Using Core C++
The C++ Core ORC API reads and writes ORC files into its own orc::ColumnVectorBatch vectorized classes.
Vectorized Row Batch
Data is passed to ORC as instances of orc::ColumnVectorBatch
that contain the data a batch of rows. The focus is on speed and
accessing the data fields directly. numElements
is the number
of rows. ColumnVectorBatch is the parent type of the different
kinds of columns and has some fields that are shared across
all of the column types. In particular, the hasNulls
flag
if there is any null in this column for this batch. For columns
where hasNulls == true
the notNull
buffer is false if that
value is null.
namespace orc {
struct ColumnVectorBatch {
uint64_t numElements;
DataBuffer<char> notNull;
bool hasNulls;
...
}
}
The subtypes of ColumnVectorBatch are:
ORC Type | ColumnVectorBatch |
---|---|
array | ListVectorBatch |
binary | StringVectorBatch |
bigint | LongVectorBatch |
boolean | LongVectorBatch |
char | StringVectorBatch |
date | LongVectorBatch |
decimal | Decimal64VectorBatch, Decimal128VectorBatch |
double | DoubleVectorBatch |
float | DoubleVectorBatch |
int | LongVectorBatch |
map | MapVectorBatch |
smallint | LongVectorBatch |
string | StringVectorBatch |
struct | StructVectorBatch |
timestamp | TimestampVectorBatch |
tinyint | LongVectorBatch |
uniontype | UnionVectorBatch |
varchar | StringVectorBatch |
LongVectorBatch handles all of the integer types (boolean, bigint, date, int, smallint, and tinyint). The data is represented as a buffer of int64_t where each value is sign-extended as necessary.

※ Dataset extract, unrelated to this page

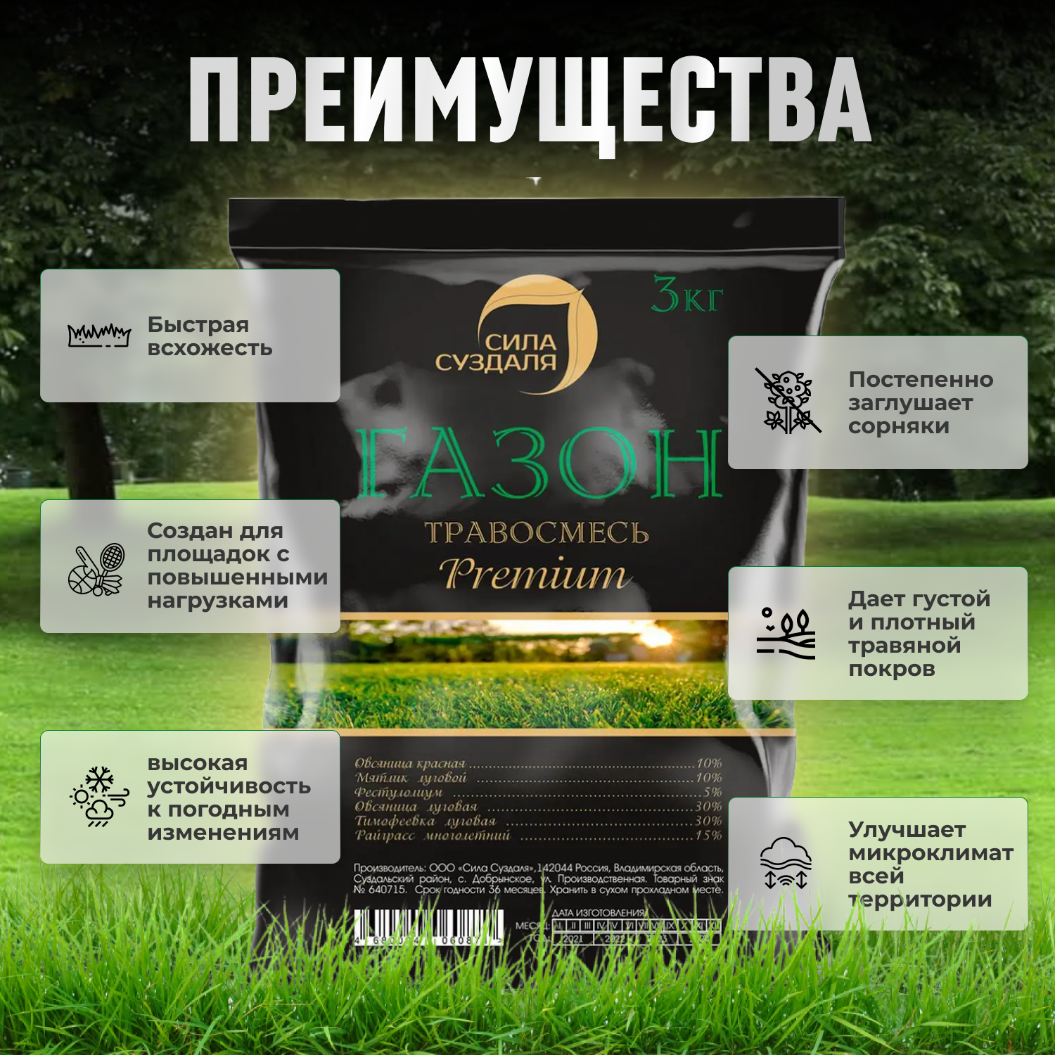 Купить Семена газонной травы "Премиум" 3 кг Сила Суздаля, семена газон

struct LongVectorBatch: public ColumnVectorBatch {
DataBuffer<int64_t> data;
...
};
TimestampVectorBatch handles timestamp values. The data is represented as two buffers of int64_t for seconds and nanoseconds respectively. Note that we always assume data is in GMT timezone; therefore it is user’s responsibility to convert wall clock time from local timezone to GMT.
struct TimestampVectorBatch: public ColumnVectorBatch {
DataBuffer<int64_t> data;
DataBuffer<int64_t> nanoseconds;
...
};
DoubleVectorBatch handles all of the floating point types (double, and float). The data is represented as a buffer of doubles.
struct DoubleVectorBatch: public ColumnVectorBatch {
DataBuffer<double> data;
...
};
Decimal64VectorBatch handles decimal columns with precision no greater than 18. Decimal128VectorBatch handles the others. The data is represented as a buffer of int64_t and orc::Int128 respectively.
struct Decimal64VectorBatch: public ColumnVectorBatch {
DataBuffer<int64_t> values;
...
};
struct Decimal128VectorBatch: public ColumnVectorBatch {
DataBuffer<Int128> values;
...
};
StringVectorBatch handles all of the binary types (binary, char, string, and varchar). The data is represented as a char* buffer, and a length buffer.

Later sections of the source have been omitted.